In a global deployment, when there is a service involved instead of an end-user, there is a chance that the app attempts to create a session and then use it on other nodes BEFORE the replication could catch up.
Instead of storing the sessions in a persistent backend, let's store them on the client side using a different token format, called JWT (Json Web Token).
Q: If the admin comes in and modifies authorization data, how do you make sure that the access is revoked?
A: As long as you have dependency on the data stored on the client side, there is little that can be done (other than ensuring that privilege related data is not stored in the session itself AND that the session itself does not give implicit privileges).
Q: Can the token size grow too big?
A: There are several limitations that needs to be taken into account (header size, browser cookie size limitations, etc). Note that you can't change the contents of the session once it has been issued.
Q: What if the token is being passed around parties? How do you make sure that you are not vulnerable against session hijacking attacks?
A: The same problem exists with stateful sessions as well. Future iterations of stateless session implementations are likely to tackle this problem in some way or another. Also: session quota doesn't work, as the server doesn't keep data about the sessions.
What about logging out sessions?
This is the problem solved by bloom filters.
Logout now just means that you delete the cookie in the browser. What if there is a client that stores the session ID?
The information stored in persistent store is now actually a blacklist of sessions. The blacklist is much less data than the actual session stored previously.
- list of bits
- each of the bits can store 0 or 1
- you can tell whether a session has been certainly not terminated OR you can tell if it might have been terminated
Bitmap result of hash functions executed on the sessions:
- log in A and B (so you have 1010 in your bloomfilter essentially)
- check if D is logged out: 1000 -> maybe your account has logged out
The amount of bits and how many bits can be set by a session (number of hash functions) can be used to tune the probability of false positives (results with might).

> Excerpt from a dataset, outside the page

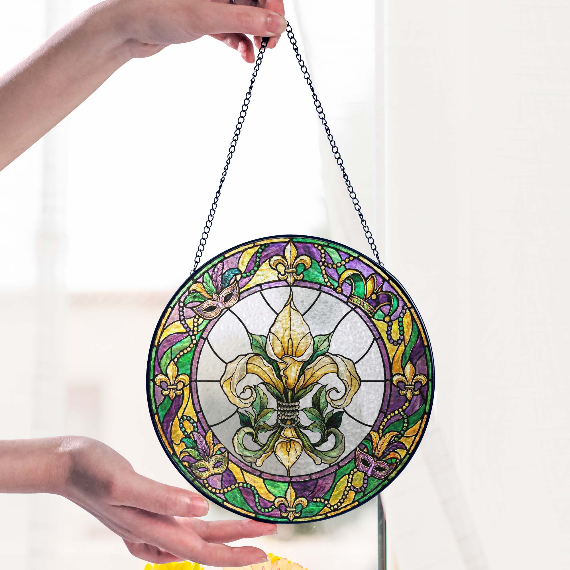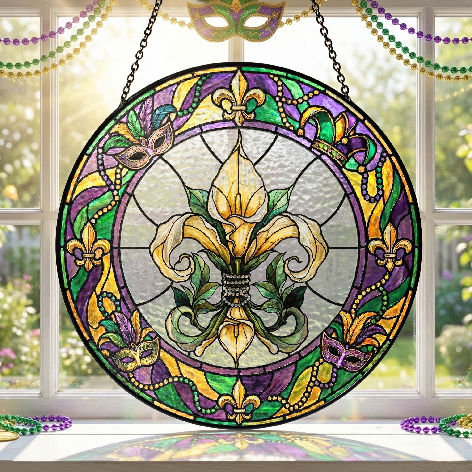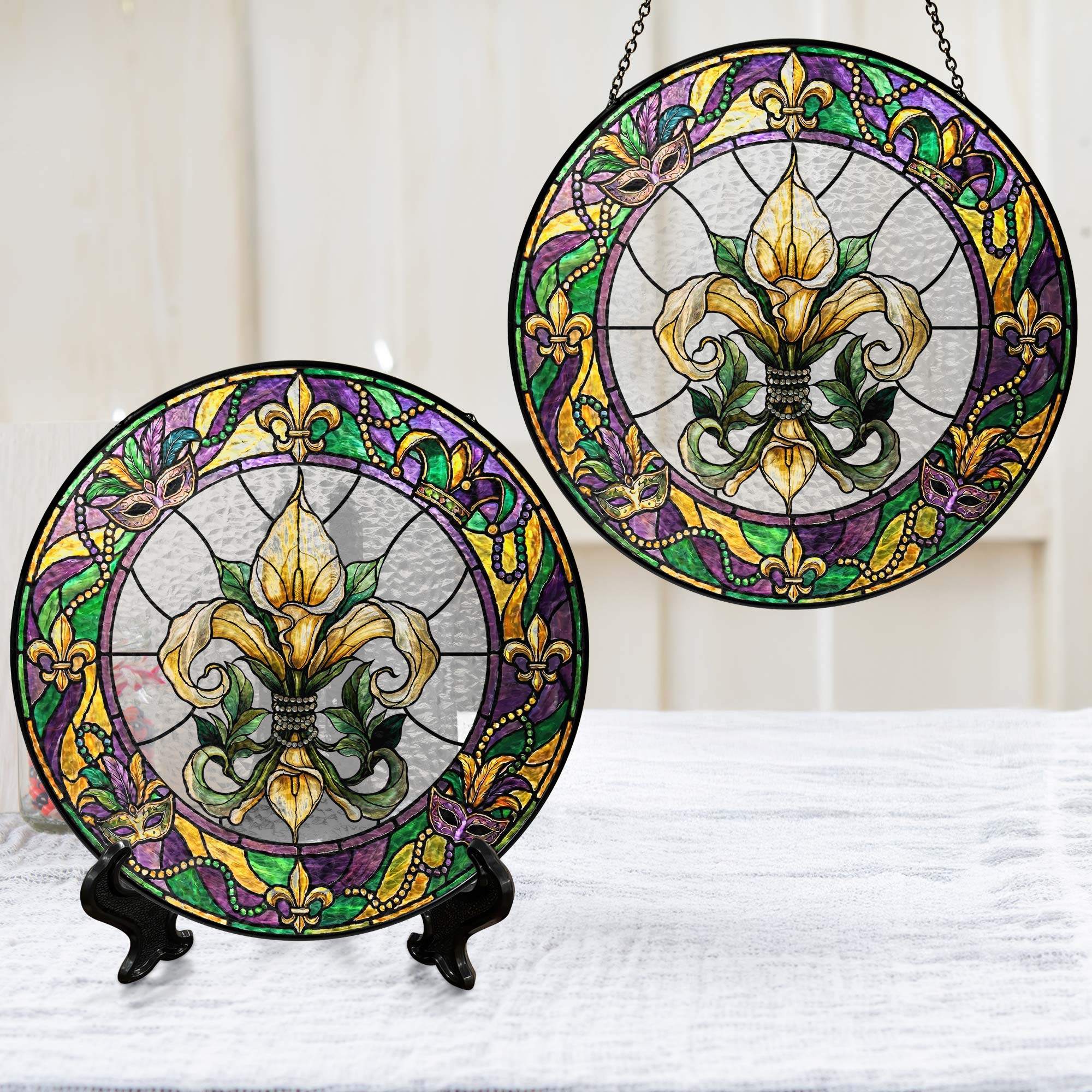 Mardi Gras Suncatcher, Stained glass Fleur de Lis Carnival Gift Decor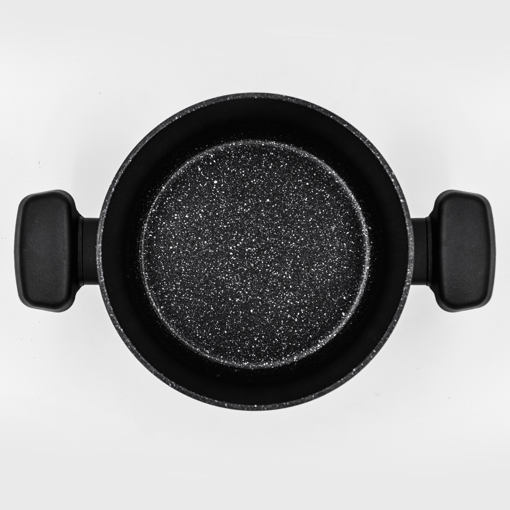Каменное антипригарное покрытие препятствует пригоранию и позволяет готовить с меньшим количеством масла.

At some point the bloom filter no longer usable, and at that point you need to throw it away and start from scratch. For this problem ForgeRock has implemented the rolling bloomfilter, so for example after the full session timeout you could just get rid of the previous bloomfilter and start afresh.
10000 sessions with 1% false positive needs 11.7 kB data, to get 0.01% false positive rate you'll need 23.4kB
Stateless OAuth2 is going to be one of the new features introduced in 13.5. Per spec you can use authorization code once with OAuth2. If you revoke an OAuth2 token, then you can use the bloom filter to verify if the token got revoked.
access_token is now stored in jwt format (introspectable token), so that the RS can decide to validate the access_token on the RS side only (works well with short lived tokens, if there is a need to handle token revocation, you still need to check with the authorization server)
Q: What about UMA related tokens (like RPT)?
A: they are currently not stateless
Q: What if you want to store sensitive information in the session?
A: should encrypt the stateless sessions (but keep in mind the size changes that may impose.